Human Behavior Modeling. Driving styles of human drivers can be learned either from demonstration through inverse RL, as proposed by Kuderer et al. , or employing statistical models such as Gaussian and Dirichlet processes [16, 17]. Kuefler et al. adopt a novel approach and apply generative adversarial networks to imitate the behavior of a human driver [18]. Schmerling et al. study the scenarios with inherent multimodal uncertainty, such as our driving, and leverage conditional variational autoencoders (CVAEs) to condition the policy on the present interaction history [19]. Recent data-driven approaches have shown achievements in classifying human driving maneuvers [20], and predicting human trajectories to enable fully-autonomous navigation of a robot in human-dense environments [21]. In contrast with works in the broad literature on human behavior modeling that take a game-theoretic or optimization-based approach, we rely on implicitly learning from interaction data within our MARL platform.

Social Navigation. Alahi et al. introduced the Social LSTM framework which leverages recurrent neural networks to extract the temporal information from the trajectory of pedestrians in large crowds [1]. Tsoi et al. present their high-fidelity simulation platform, SEAN, to accelerate the research on social robot navigation [22]. Vazquez et al. study the social interactions in a human-robot role-playing game and expand their observations to studying spatial behavior of a group of robots. More recent works in social navigation have revealed the potential for collaborative planning and interaction with humans. Examples include but are not limited to works by Trautman et al. and Nikolaidis et al. where a mutual reward function is optimized in order to enable joint trajectory planning for humans and robots [23, 24].

Mixed-autonomy Traffic Networks. Lazar et al. take a more abstract and traffic-level perspective to study the emergent behaviors in mixed-autonomy environments using model-free RL solutions [25]. Wu et al. explore the idea of stabilizing the traffic flow that is guided by autonomous vehicles as well as the emergent behaviors in a mixed AV-HV setting [26, 27]. Vinitsky et al. present a benchmark for traffic control based on RL in mixed-autonomy traffic [28]. Biyik et al. formalize the effects of altruistic driving in mixed-autonomy at a road-level and present a formal model of road congestion that can be used for optimal routing in road networks [29].

III Preliminaries

In this section, we provide the preliminary concepts that are essential in the following section and introduce our formal notation.

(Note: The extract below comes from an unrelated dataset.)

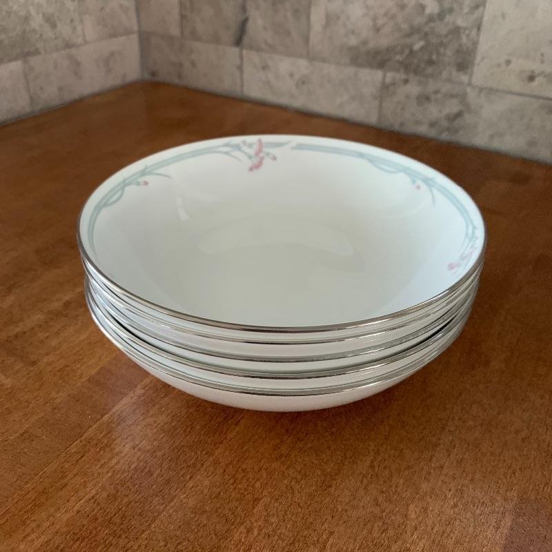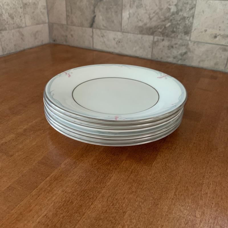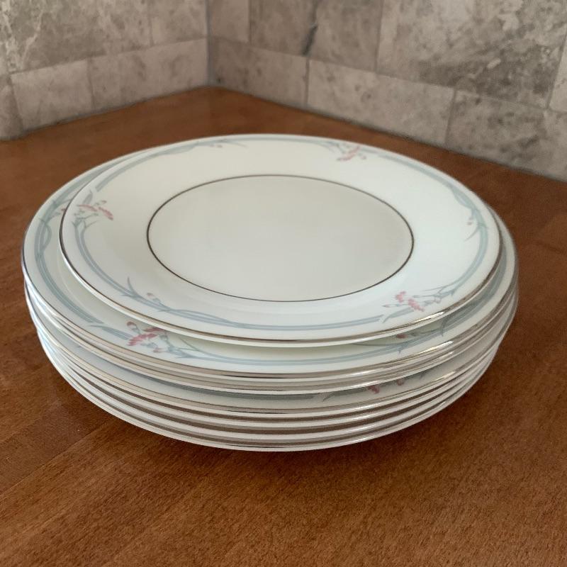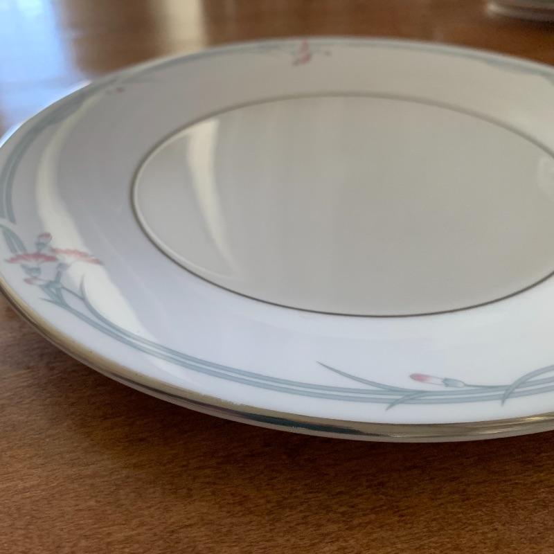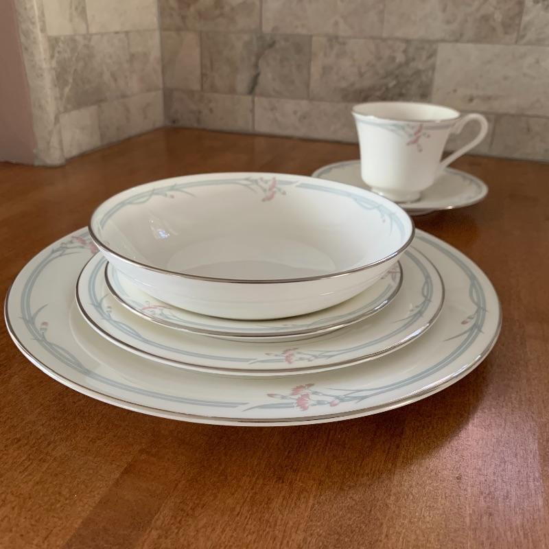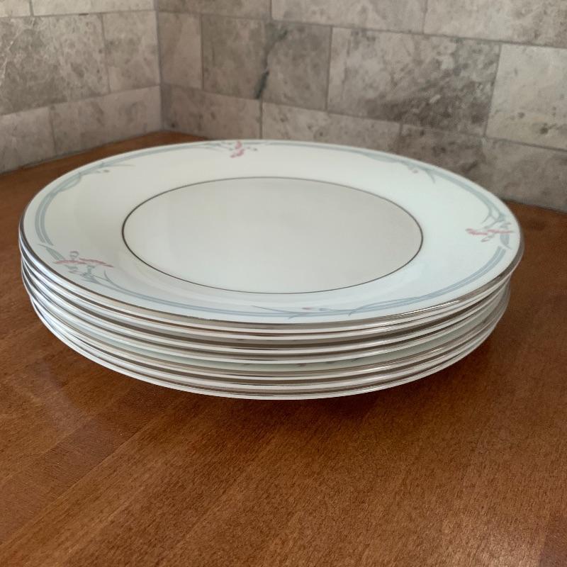 This is a beautiful set of China, in pristine condition. Each plate, bowl, and mug has a delicate carnation motif, and is lined with silver accents. The set was made in England by Royal Doulton. Included is a set of seven large dinner plates, six medium salad plates (and a single one slightly smaller), six small bread plates, five dessert bowls, and seven cups and saucers. Local pickup only.

Partially-observable Stochastic Games. Decision-making process in a finite set of autonomous agents $\mathcal{I}$ with partial observability in stochastic environments can be formalized as a partially-observable stochastic game (POSG) defined by the tuple $\mathcal{M}_{\text{G}}\coloneqq(\mathcal{I},\mathcal{S},[\mathcal{A}_{i}],[\mathcal{O}_{i}],T,[R_{i}])$ for $i=1,...,N$ . At a given time, each agent receives a local observation $\textbf{o}_{i}:\mathcal{S}\rightarrow\mathcal{O}_{i}$ that is correlated with the underlying state of the environment $s\in\mathcal{S}$ and takes an action from the action space $a\in\mathcal{A}$ . Consequently, the environment evolves to a new state $s^{\prime}_{i}$ with probability $T=\Pr(s^{\prime}|s,a):\mathcal{S}\times\mathcal{A}_{1}\times...\times\mathcal{A}_{N}\rightarrow\mathcal{S}$ and the agent receives a decentralized reward $R_{i}:\mathcal{S}\times\mathcal{A}_{i}\rightarrow\mathbb{R}$ . The probability distribution over actions at a given state is known as the stochastic policy $\pi_{i}:\mathcal{O}_{i}\times\mathcal{A}_{i}\rightarrow[0,1]$ . The goal is to derive a distribution that maximizes the discounted sum of future rewards over an infinite time horizon, i.e., an optimal policy $\pi^{*}:\mathcal{S}\to\mathcal{A}$ ,

\pi^{*}\coloneqq\underset{\pi}{\arg\max}\;\mathbb{E}\Big{(}\sum_{i=0}^{\infty}\gamma^{i}R\big{(}s_{i},\pi(s_{i})\big{)}\Big{)}

(1)

in which, $\gamma\in[0,1)$ is the discount factor. The optimal policy maximizes the state-action value function, i.e., $\pi^{*}(s)=\arg\max_{a}Q^{*}(s,a)$ , where

Q^{\pi}(s,a)\coloneqq\mathbb{E}\Big{(}\sum_{i=1}^{\infty}\gamma^{i}R\big{(}s_{i},\pi(s_{i})\big{)}|s_{0}=s,a_{0}=a\Big{)}

(2)

and the optimal state-action value function can then be derived using the Bellman optimality equation,

Q^{*}(s,a)=\mathbb{E}_{s^{\prime}\sim P(.|s,a)}\Big{(}R(s,a)+\max_{a^{\prime}}\gamma Q^{*}(s^{\prime},a^{\prime})\Big{)}

(3)

Solving POSGs with Unknown Dynamics. Dynamics of the environment and reward function are usually stochastic and not fully-known in real-world problems. Reinforcement learning (RL) provides a possibility to solve POSGs with unknown reward and state transition functions through continuous interaction with the environment. RL algorithms such as off-policy temporal difference learning enable agents to update the value function from such interactions with the environment,

Q_{i+1}(s,a)-Q_{i}(s,a)=\\ \alpha_{i}\Big{(}R\big{(}s,\pi(s)\big{)}+\gamma\max_{a^{\prime}}Q_{i}(s^{\prime},a^{\prime})-Q_{i}(s,a)\Big{)},

(4)

where $\alpha_{i}$ is the learning rate at the $i$ th iteration.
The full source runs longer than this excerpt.